More often than not, such restrictions will comprise a set time limit, an obligation to pay and display or a no-return policy. The T&C's of the car park should be displayed clearly and concisely on signs as you enter the car park and at further points across the site, along with info about parking charges and any consequent charges which could be incurred for failing to comply. If you be given a parking charge notice you ought to check that these terms are appropriately displayed at the car park in question. If you discover they aren't, you may wish to write to the company to appeal the charge.

The chief variance relating an official penalty charge issued by the authorities and a parking charge issued by a private company is that there is naught in criminal law to support a penalty or fine for parking on private land. Consequently they should not be described as penalties or fines, although many parking operators will label their notices a Parking Charge Notice, which handily also abbreviates to PCN (what a coincidence!).

In giving out a Parking Charge Notice, the parking operator is relying on the law of contract to make an application for compensation. The quantity they ask for is to compensate for you breaching the contract you created when you parked on the property in question. According to the Citizen's Advice Bureau, this cost ought to be acceptable and in line with the loss suffered by the company, even though excessive charges are common. This isn't a criminal matter despite any impression given to the contrary by the operator.

The operator has no right to claim a parking charge from you without first taking you to court, so if you think there has been a misunderstanding and you shouldn't have been issued a ticket, you may want to dispute the charge with the parking company as soon as possible. You should ask them to make available confirmation of their argument against you. If you fail to reach an agreement with them, then, as with all civil matters, it is up to the parking company to demonstrate their argument in court, but it is advisable to seek advice from the Citizens Advice Bureau or a solicitor before things get to this point. Take into account that the parking operator has to corroborate its case on the balance of probabilities.

It is also of the essence to note that, as things currently stand, the driver of the vehicle is the solitary person who can enter into a contract with the landowner. Therefore if you weren't the person driving you may wish to inform the parking company of this straight away. Just because you are the registered keeper of the vehicle, you are under no legal obligation to bestow the parking operator with any further information, as you would be with the police.

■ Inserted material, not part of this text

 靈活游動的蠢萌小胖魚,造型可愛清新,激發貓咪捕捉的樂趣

In particular you do not have to identify the driver or supply his or her name and address.

Indeed if you are convinced that you have not parked in contravention of the regulations of the car park, you do not have to contact the parking company if you do not wish to do so as the obligation is on the parking company to verify its case. However you should let them know that you contest the notice as if not, you can anticipate a succession of letters from the company itself, debt collectors and solicitors, all warning of court action. However, the reality is that very few cases ever reach court because of the difficulties the private company has in proving its case. As a result, the letters usually stop. Even if a case does reach court, the company may have trouble convincing a judge that the charge is reasonable.

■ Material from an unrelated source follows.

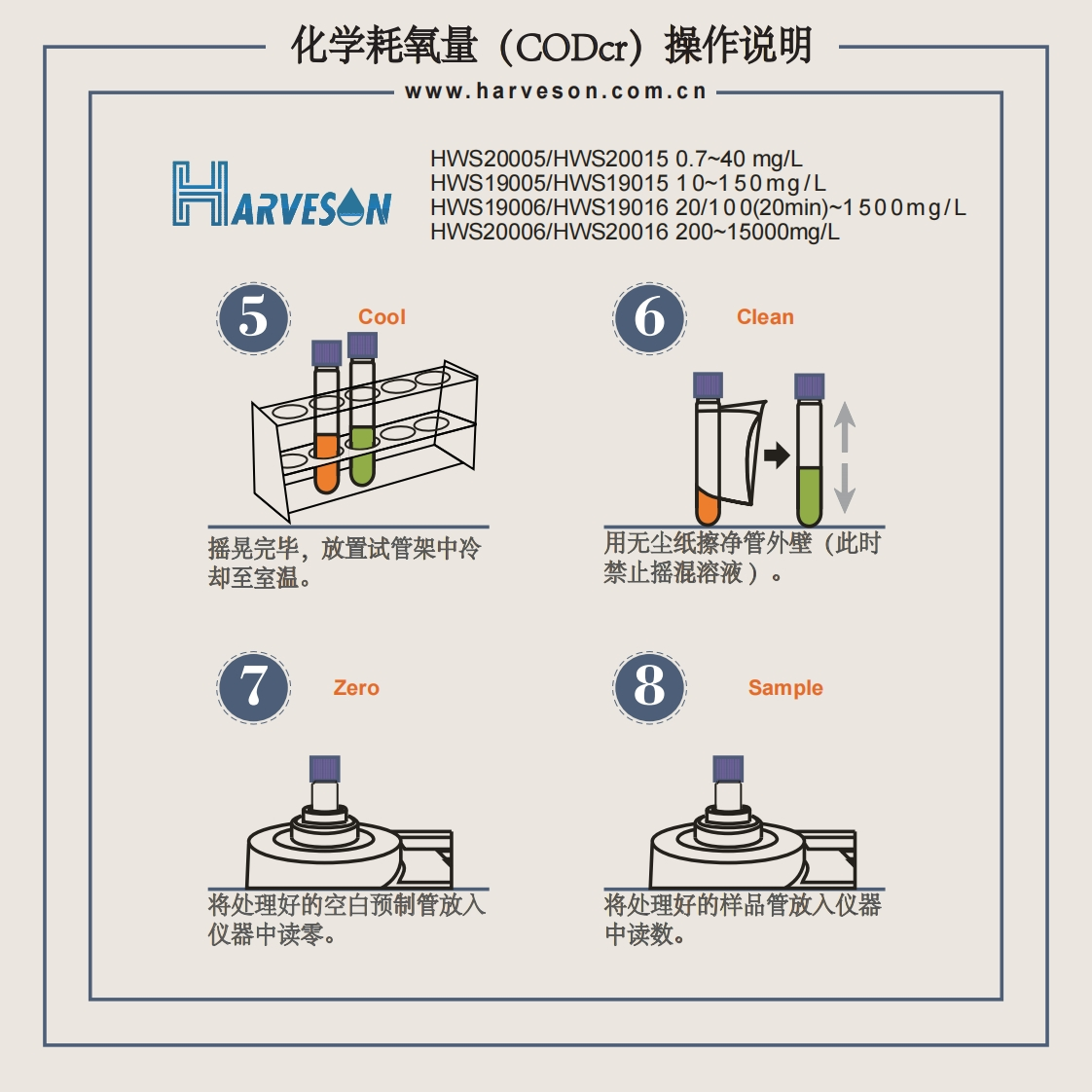 化学耗氧量(CODcr)操作说明www.harveson.com.cnHWS20005/HWS200150.7~40mg/L片ARVES NHWS19005/HWS1901510~150mg/LHWS19006/HWS1901620/100(20min)~1500mg/LHWS20006/HWS20016200~15000mg/L2mL/0.2mLClean/Shake取两支CoD预制管,一支加入2mL用无尘纸擦净管外壁,手执管盖去离子水(做空白值)另外一支颠倒摇匀预制管中溶液。加入2mL待测水样。*200-15000mg/L试剂加入0.2mL去离子水和待测水样。3165°C/20min150°C/2hShakeCOD REACTOR回回四回母将预制管放入消解仪中,在165℃在预制管还有余热时,将预制管上下消解20分钟或150℃下消解2小时,下颠倒几次,摇匀预制管中溶液。消解仪需预热。

The bottom line is it is going to be very difficult for these companies to show you are a guilty party in this. In 99.99% of cases the best thing to do is rip up the ticket and throw it away. We would recommend not to get in touch with the company (as you are handing them your details) or waste your time and money consulting a solicitor. Most of these companies do not provide proper signage - in other words they are straightforward to miss when you are busy thinking of all the things you want to buy.